**Data to examine:**
══════════════════════════════
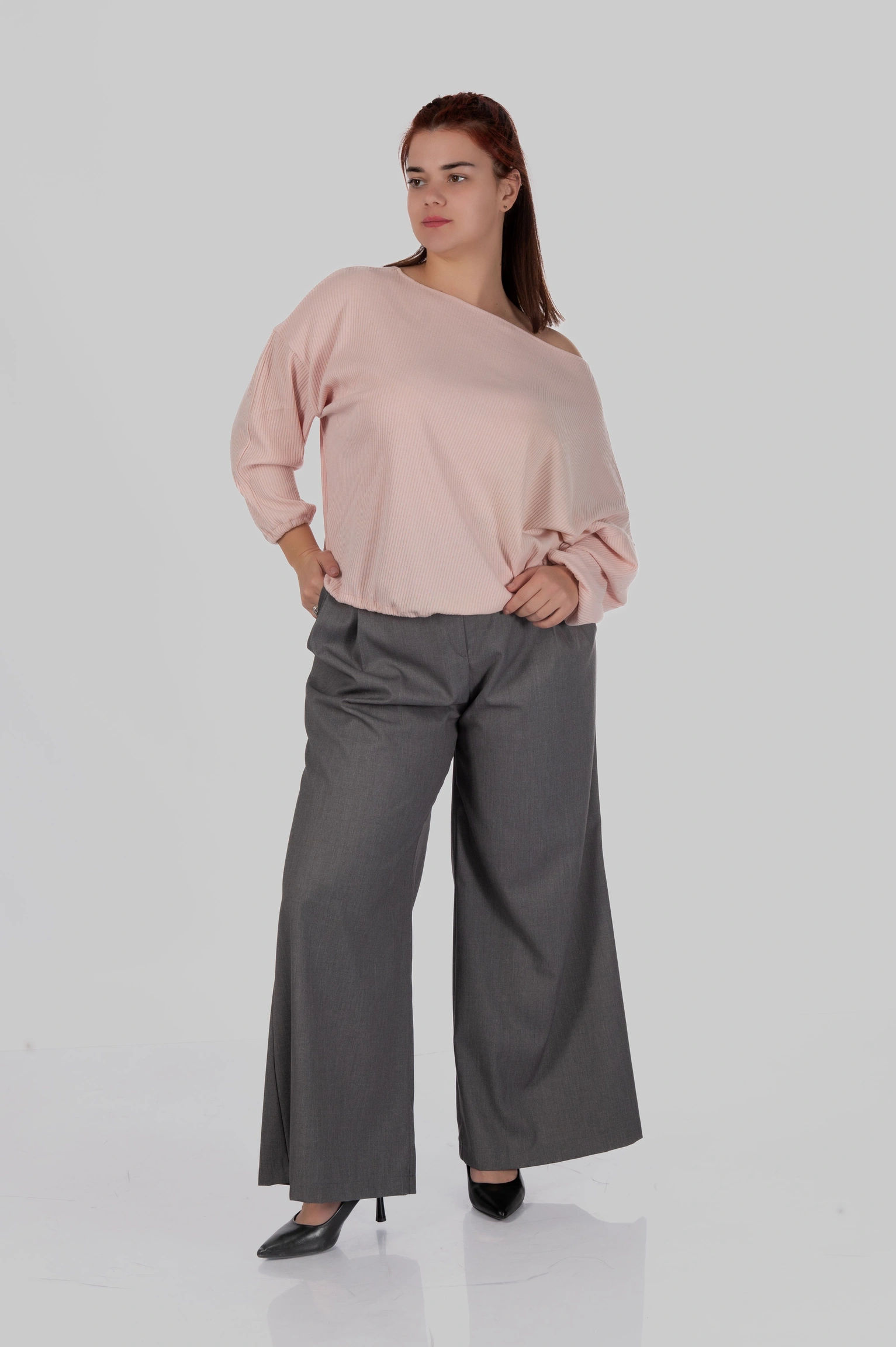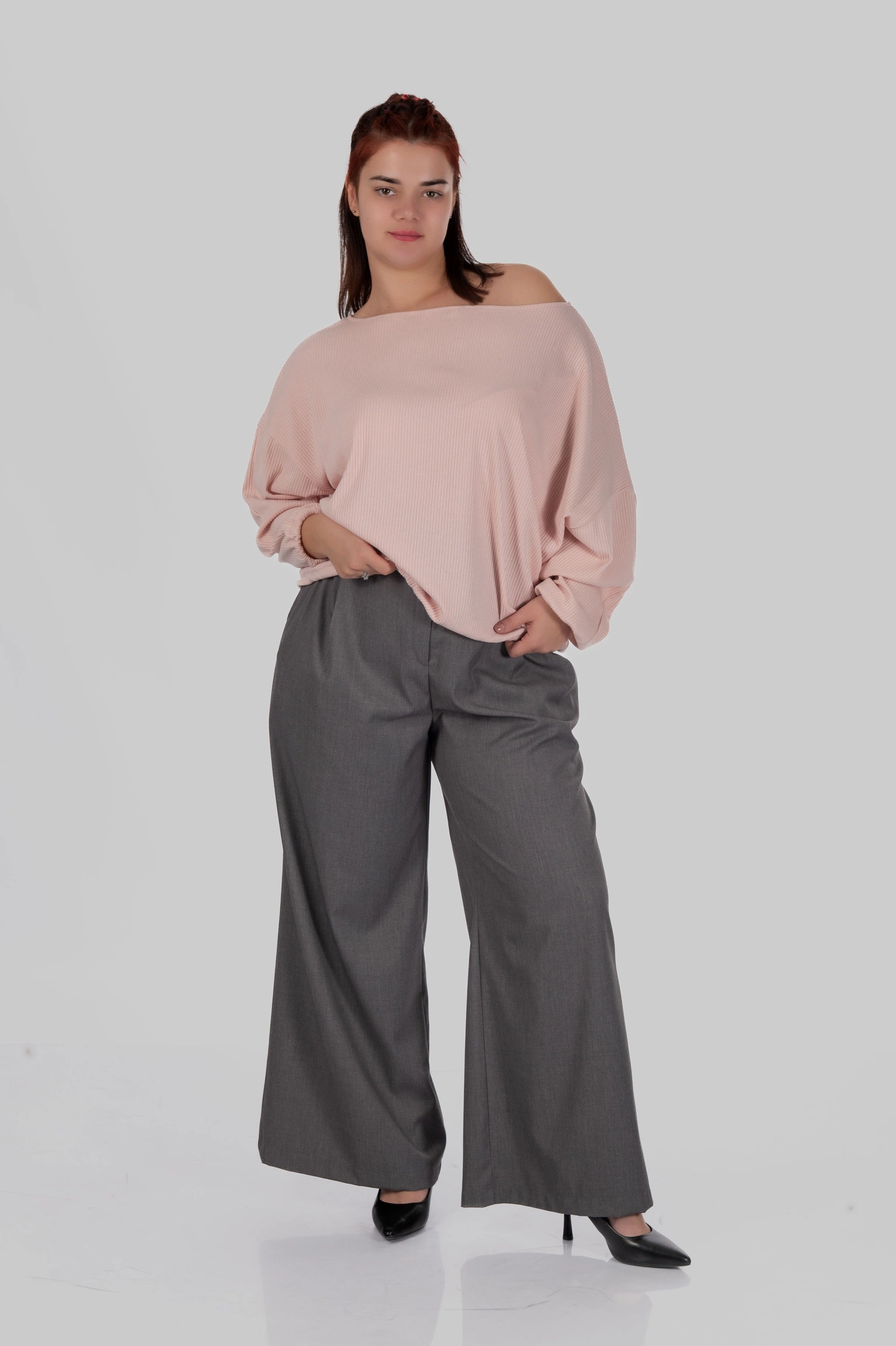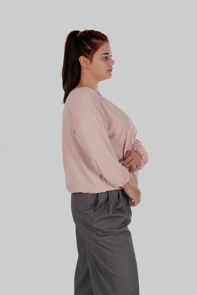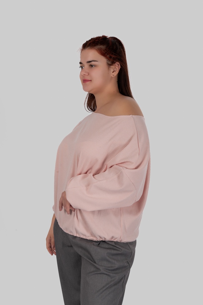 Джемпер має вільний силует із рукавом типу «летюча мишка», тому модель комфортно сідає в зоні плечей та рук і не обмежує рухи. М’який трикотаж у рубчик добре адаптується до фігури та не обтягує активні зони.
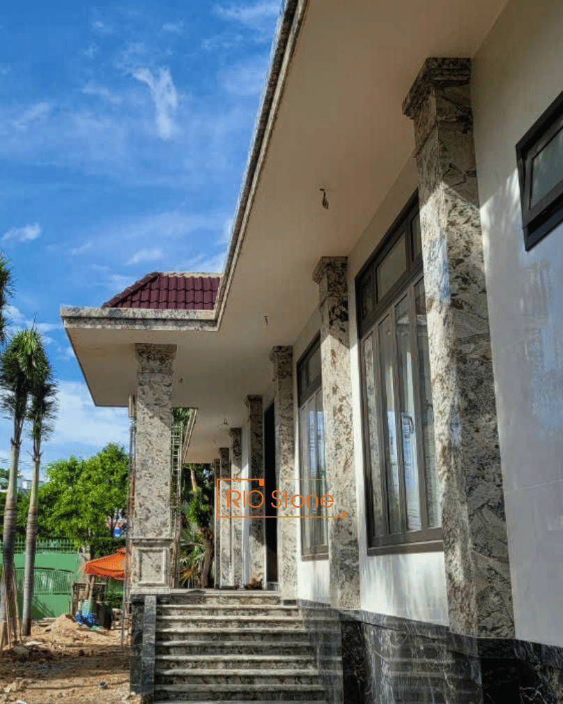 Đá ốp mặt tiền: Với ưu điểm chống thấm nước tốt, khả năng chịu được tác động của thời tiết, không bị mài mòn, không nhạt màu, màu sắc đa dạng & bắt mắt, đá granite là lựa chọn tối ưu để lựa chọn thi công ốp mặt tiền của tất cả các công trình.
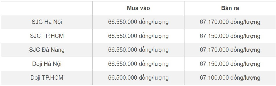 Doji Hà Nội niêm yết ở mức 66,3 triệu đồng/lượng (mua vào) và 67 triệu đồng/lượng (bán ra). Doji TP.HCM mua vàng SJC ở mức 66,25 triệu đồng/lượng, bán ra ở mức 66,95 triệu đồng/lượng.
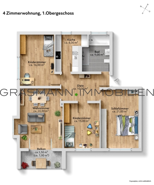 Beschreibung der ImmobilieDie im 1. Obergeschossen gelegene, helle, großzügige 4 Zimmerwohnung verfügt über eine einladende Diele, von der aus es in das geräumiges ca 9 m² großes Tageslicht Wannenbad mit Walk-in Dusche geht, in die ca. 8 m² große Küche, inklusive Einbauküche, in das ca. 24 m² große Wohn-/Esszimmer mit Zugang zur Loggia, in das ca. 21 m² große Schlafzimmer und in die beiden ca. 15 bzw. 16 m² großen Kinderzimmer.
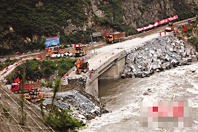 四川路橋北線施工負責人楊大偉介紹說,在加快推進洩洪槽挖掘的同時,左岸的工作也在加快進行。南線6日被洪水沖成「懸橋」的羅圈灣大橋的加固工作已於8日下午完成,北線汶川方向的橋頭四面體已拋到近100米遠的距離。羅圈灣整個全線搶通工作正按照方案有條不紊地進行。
══════════════════════════════
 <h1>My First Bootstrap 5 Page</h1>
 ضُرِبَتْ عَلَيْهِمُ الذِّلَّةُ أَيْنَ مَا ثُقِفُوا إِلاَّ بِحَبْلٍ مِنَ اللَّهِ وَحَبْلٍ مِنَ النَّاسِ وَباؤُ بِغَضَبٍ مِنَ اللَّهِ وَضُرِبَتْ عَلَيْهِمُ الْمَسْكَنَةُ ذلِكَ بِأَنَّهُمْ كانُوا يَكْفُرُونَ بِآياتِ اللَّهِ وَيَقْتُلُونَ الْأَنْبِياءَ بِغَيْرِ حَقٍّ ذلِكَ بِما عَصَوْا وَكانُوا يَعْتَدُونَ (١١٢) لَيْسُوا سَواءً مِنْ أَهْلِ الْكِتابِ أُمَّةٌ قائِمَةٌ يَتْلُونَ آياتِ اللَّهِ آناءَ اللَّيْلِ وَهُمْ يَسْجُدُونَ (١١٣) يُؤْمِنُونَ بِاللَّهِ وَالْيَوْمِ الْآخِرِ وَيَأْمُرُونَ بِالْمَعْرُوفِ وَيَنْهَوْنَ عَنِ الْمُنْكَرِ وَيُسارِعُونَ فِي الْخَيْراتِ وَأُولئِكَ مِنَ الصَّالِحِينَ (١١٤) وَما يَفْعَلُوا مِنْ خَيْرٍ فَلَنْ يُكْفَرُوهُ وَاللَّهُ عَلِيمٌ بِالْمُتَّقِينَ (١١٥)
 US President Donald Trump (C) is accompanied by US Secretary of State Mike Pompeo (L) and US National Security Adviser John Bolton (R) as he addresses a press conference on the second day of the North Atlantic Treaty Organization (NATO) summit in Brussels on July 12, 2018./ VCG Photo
══════════════════════════════
**Task:** Beginning at the line above that contains "Джемпер має вільний" and going on through the line that contains "四川路橋北線施工負責人楊大偉", please copy every line exactly, leaving the pictures out and adding nothing.

**The answer:**
 Джемпер має вільний силует із рукавом типу «летюча мишка», тому модель комфортно сідає в зоні плечей та рук і не обмежує рухи. М’який трикотаж у рубчик добре адаптується до фігури та не обтягує активні зони.
 Đá ốp mặt tiền: Với ưu điểm chống thấm nước tốt, khả năng chịu được tác động của thời tiết, không bị mài mòn, không nhạt màu, màu sắc đa dạng & bắt mắt, đá granite là lựa chọn tối ưu để lựa chọn thi công ốp mặt tiền của tất cả các công trình.
 Doji Hà Nội niêm yết ở mức 66,3 triệu đồng/lượng (mua vào) và 67 triệu đồng/lượng (bán ra). Doji TP.HCM mua vàng SJC ở mức 66,25 triệu đồng/lượng, bán ra ở mức 66,95 triệu đồng/lượng.
 Beschreibung der ImmobilieDie im 1. Obergeschossen gelegene, helle, großzügige 4 Zimmerwohnung verfügt über eine einladende Diele, von der aus es in das geräumiges ca 9 m² großes Tageslicht Wannenbad mit Walk-in Dusche geht, in die ca. 8 m² große Küche, inklusive Einbauküche, in das ca. 24 m² große Wohn-/Esszimmer mit Zugang zur Loggia, in das ca. 21 m² große Schlafzimmer und in die beiden ca. 15 bzw. 16 m² großen Kinderzimmer.
 四川路橋北線施工負責人楊大偉介紹說,在加快推進洩洪槽挖掘的同時,左岸的工作也在加快進行。南線6日被洪水沖成「懸橋」的羅圈灣大橋的加固工作已於8日下午完成,北線汶川方向的橋頭四面體已拋到近100米遠的距離。羅圈灣整個全線搶通工作正按照方案有條不紊地進行。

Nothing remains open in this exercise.